(Instructions for the task):
Quote every line below exactly and skip any picture.

(Provided material):
□ □ □

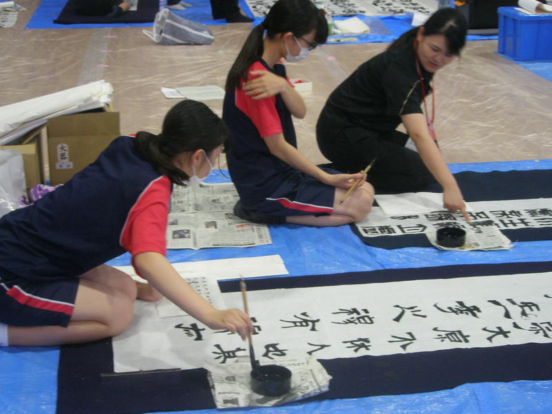 開会式終了後、揮毫開始です。制限時間2時間のうちに作品を仕上げなければならないとあって、会場内に書道部員の緊張が伝わってくる独特の雰囲気の中で作品に取り組んでいました。
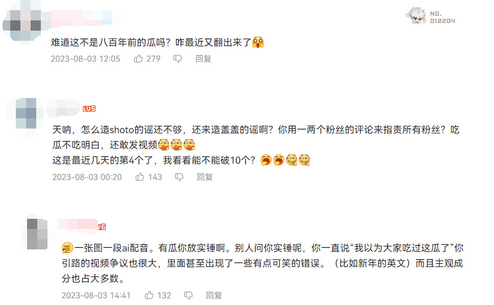 其实在最近这件事重新被搬到公众视线之前,也有不少up主自发做了这场录播相关的吃瓜评论视频,而在当时的那些视频里,我们能看到大部分粉丝的画风是这样的↓
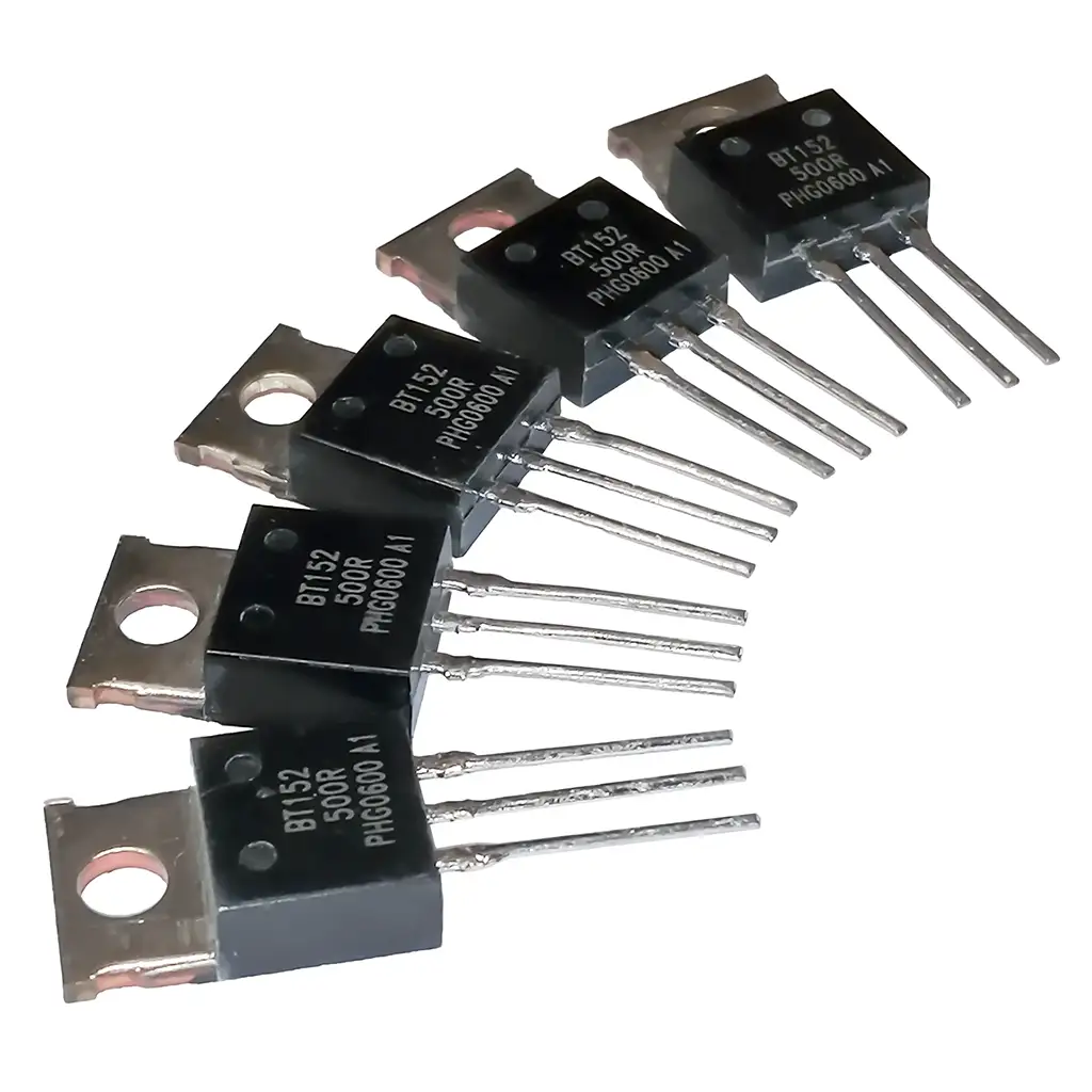 تریستور BT152 اورجینال – با پکیج TO220 ، تحمل ولتاژ 500 ولت و تحمل جریان  20 آمپر، یک المان پرکاربرد است که در بخش های مختلفی از صنایع الکترونیکی از جمله ساخت دیمر و ولتاژ رگولاتور اتوماتیک ژنراتور استفاده می‌شود.

□ □ □

(Response to this task):
 開会式終了後、揮毫開始です。制限時間2時間のうちに作品を仕上げなければならないとあって、会場内に書道部員の緊張が伝わってくる独特の雰囲気の中で作品に取り組んでいました。
 其实在最近这件事重新被搬到公众视线之前,也有不少up主自发做了这场录播相关的吃瓜评论视频,而在当时的那些视频里,我们能看到大部分粉丝的画风是这样的↓
 تریستور BT152 اورجینال – با پکیج TO220 ، تحمل ولتاژ 500 ولت و تحمل جریان  20 آمپر، یک المان پرکاربرد است که در بخش های مختلفی از صنایع الکترونیکی از جمله ساخت دیمر و ولتاژ رگولاتور اتوماتیک ژنراتور استفاده می‌شود.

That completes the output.